● PROMPT
Set down exactly the lines below between the line holding "Two-sided knit Beanie" and the line holding "Antique Victorian Brass", inclusive; no other line belongs in the answer.

-------- RECORDS SHOWN --------

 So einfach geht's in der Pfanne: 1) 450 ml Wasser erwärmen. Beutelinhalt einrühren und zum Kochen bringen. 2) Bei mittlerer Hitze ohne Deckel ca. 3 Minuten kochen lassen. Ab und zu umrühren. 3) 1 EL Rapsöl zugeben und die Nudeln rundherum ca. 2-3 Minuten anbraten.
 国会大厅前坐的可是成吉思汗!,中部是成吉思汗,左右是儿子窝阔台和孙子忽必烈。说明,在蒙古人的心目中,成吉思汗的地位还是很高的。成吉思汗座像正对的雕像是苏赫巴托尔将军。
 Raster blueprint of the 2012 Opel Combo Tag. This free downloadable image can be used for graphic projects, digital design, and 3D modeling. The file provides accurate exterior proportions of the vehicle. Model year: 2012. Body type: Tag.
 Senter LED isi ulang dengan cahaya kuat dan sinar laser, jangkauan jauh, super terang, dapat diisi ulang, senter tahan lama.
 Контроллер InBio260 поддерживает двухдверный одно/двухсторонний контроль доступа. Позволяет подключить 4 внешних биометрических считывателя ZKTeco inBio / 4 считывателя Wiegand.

--------
-------- RECORDS SHOWN --------

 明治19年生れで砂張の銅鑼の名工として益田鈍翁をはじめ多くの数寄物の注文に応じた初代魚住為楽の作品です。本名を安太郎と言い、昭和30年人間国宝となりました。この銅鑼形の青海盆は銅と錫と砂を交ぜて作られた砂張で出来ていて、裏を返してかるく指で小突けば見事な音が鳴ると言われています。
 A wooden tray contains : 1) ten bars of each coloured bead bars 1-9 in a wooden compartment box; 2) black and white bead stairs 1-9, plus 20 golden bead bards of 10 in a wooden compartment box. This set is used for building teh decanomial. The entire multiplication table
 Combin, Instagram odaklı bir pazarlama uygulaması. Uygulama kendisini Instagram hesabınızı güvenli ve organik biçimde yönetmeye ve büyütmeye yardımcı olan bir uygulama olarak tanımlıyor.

--------
-------- RECORDS SHOWN --------

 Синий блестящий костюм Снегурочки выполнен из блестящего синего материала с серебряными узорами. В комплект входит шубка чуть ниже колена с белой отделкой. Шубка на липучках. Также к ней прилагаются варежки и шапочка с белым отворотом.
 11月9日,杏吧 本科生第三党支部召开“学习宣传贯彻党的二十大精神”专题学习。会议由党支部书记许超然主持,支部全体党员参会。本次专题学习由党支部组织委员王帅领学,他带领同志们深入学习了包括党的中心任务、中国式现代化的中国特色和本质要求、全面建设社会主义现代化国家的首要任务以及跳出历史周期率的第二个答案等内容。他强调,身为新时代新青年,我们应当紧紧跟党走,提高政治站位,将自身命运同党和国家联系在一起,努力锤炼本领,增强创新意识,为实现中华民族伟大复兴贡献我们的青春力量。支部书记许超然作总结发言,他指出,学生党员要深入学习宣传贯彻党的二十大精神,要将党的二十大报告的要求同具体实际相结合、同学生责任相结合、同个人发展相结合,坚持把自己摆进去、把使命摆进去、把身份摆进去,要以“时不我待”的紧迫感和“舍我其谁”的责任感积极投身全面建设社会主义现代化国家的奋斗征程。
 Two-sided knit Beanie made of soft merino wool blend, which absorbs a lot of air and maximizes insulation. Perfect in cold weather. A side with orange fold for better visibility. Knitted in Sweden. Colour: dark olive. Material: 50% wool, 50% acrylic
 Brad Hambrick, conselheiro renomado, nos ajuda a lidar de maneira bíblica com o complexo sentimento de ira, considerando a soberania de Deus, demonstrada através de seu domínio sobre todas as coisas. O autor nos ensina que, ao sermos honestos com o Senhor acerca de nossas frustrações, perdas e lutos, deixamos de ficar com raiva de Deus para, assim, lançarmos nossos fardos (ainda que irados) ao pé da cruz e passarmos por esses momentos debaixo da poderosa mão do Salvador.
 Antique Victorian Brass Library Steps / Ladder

--------

● RESULT OF THIS EXERCISE
 Two-sided knit Beanie made of soft merino wool blend, which absorbs a lot of air and maximizes insulation. Perfect in cold weather. A side with orange fold for better visibility. Knitted in Sweden. Colour: dark olive. Material: 50% wool, 50% acrylic
 Brad Hambrick, conselheiro renomado, nos ajuda a lidar de maneira bíblica com o complexo sentimento de ira, considerando a soberania de Deus, demonstrada através de seu domínio sobre todas as coisas. O autor nos ensina que, ao sermos honestos com o Senhor acerca de nossas frustrações, perdas e lutos, deixamos de ficar com raiva de Deus para, assim, lançarmos nossos fardos (ainda que irados) ao pé da cruz e passarmos por esses momentos debaixo da poderosa mão do Salvador.
 Antique Victorian Brass Library Steps / Ladder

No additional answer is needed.